The Atomi E30 Electric Scooter – there and back again

The Atomi E30 is the latest in Atomi’s budget-friendly line and is a beefier version of the E20 we reviewed recently. Unlike the E20, I did not get a chance to ride this from full to empty on the same route multiple times to see if anything much changed. Weather and the ongoing chemo stopped me before the battery ever died, which was good.

TL;DR – great scooter, easily correctable issues, good price.

Atomi E30 Kickscooter

This being Pocketables, I put the praise up top and then proceed to nitpick. The scooter is solid, powerful, and nothing particularly distracting when riding was observed. It was as smooth as the Atomi Alpha, but with far less flash. It’s a good place hopper and if you’re 240 pounds it provides a good riding experience for 7ish miles in performance mode, which for my needs is generally enough. You can coax a whole lot more distance out of it by switching modes and driving smarter, but I set it to fun and go.

It’s a good scooter, and if you’re looking at Costco wondering if you should get that other scooter there, I’m pretty sure the E30 is better than it. I mean, they don’t let you ride them but man that one looks disappointing.

Atomi E30 Specs

  • 650W motor
  • Battery specs 280Wh (per email inquiry)
  • 15.5mph max speed
  • 265lb max load
  • Bluetooth app
  • High visibility LED display
  • 19 mile potential range
The assembly

The nitpicking

Just in case it’s not clear, I do really dig this thing and it’s become the scooter I take with my kiddo as we explore the city. She’s currently on the E20 although we’re swapping her back to the HELL RIDE because she’s more comfortable with the braking system of that one. That’s ok, the E20’s getting used by the other kiddo.

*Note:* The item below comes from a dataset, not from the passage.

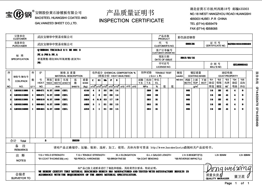 上海志辰实业有限公司座落于经济贸易高度发达的中国钢铁集散地-----上海宝山区。是一家集钢铁易、生产加工、物流配送为一体综合性钢材企业。公司集齐优秀的钢铁销售人才,专业致力于于钢铁涂镀产品。    我公司长期经销上海宝钢(总部)、宝钢黄石、台湾烨辉、联合铁钢、马钢、澳洲BHP(博思格)等国内外各大钢厂的:彩涂卷-彩钢板卷、镀铝锌、热镀锌、冷轧、热轧、电工钢等钢铁产品。在长期销售过程积我们累了丰厚的产品知识。特别是在如:PVDF氟碳彩钢卷、HDP高耐候彩钢板、SMP硅改性彩涂卷、HPC自洁彩钢板,及抗静电彩钢板等高端涂镀产品方面,有着非常专业的特长和深刻研究。  ...[查看详情]

OK we’re going to start with the E30 just doesn’t want to fold once it’s locked. I’ve had 3 other Atomi products and this one does not unlatch easily. It’s got a slightly different control latch than the others and I’m not sure if it’s an outlier or what but I’ve had to apply significant amounts of force to get the latch open so I could fold it.

The kickstand is a little further under the running board, meaning I generally have to tilt the unit to kick it. Not terrible but something I noticed.

The fold up hook on the running board straight up refuses to budge without placing a screwdriver underneath. This part feels like a tiny amount of lubrication will do the trick, and that might be the case as well with the front lock, but I’m reviewing these as I received them. This latch looks exactly like the e20, but this one is stiff.

Atomi E30 Kickscooter
Wiring is sticking out fairly far – could easily be tied down.

While I’m pretty sure that Atomi doesn’t manufacture the logic board here, there’s a feature that’s annoying and extremely noticeable on the 650 watt motor that if it’s struggling to move your weight up a hill it’ll do some sort of battery saver technique and shift you from performance down to something lower. I know it’s a battery life saver, but there’s very little warning that it’s happening and suddenly you find you have no acceleration and have to switch modes from eco to performance again.

Rear disc brake made noise out of the box / cleared up after one ride. I assume the brakes just needed working in.

Charger port is underneath the unit which generally means you have to get down on the floor to locate it. Really wish they’d innovate and put that charger on the pole or on top of the runner board. This is every scooter I have ever tested however.

The fun

Atomi E30 Kickscooter next to some rentals
Atomi E30 next to some rental scooters in Nashville

The above is what I didn’t like with the scooter, but the rest I’ve enjoyed. The frame build is superb, the motor is what any other 650 watt motor is (there’s not a whole lot of variance in these things,) and so far the batteries are holding up to provide a good ride.

I’m digging the 10 inch tires. These are one inch larger than the largest I’ve ridden on and they are smooth. They handle shock absorption extremely well and you just really feel how they hold the momentum when they get going. The larger tires tend to have a slightly slower start up due to torque, but if you kick off you probably are not going to notice it.

The website doesn’t list what the battery capacity is but due to the weight and wider floorboard where the battery pack is hidden, I’m assuming it’s a little more than 270Wh. I’ve got an email in asking but it’s been holiday psycho buying seasons so I’m assuming they’re a bit busy. 280Wh battery.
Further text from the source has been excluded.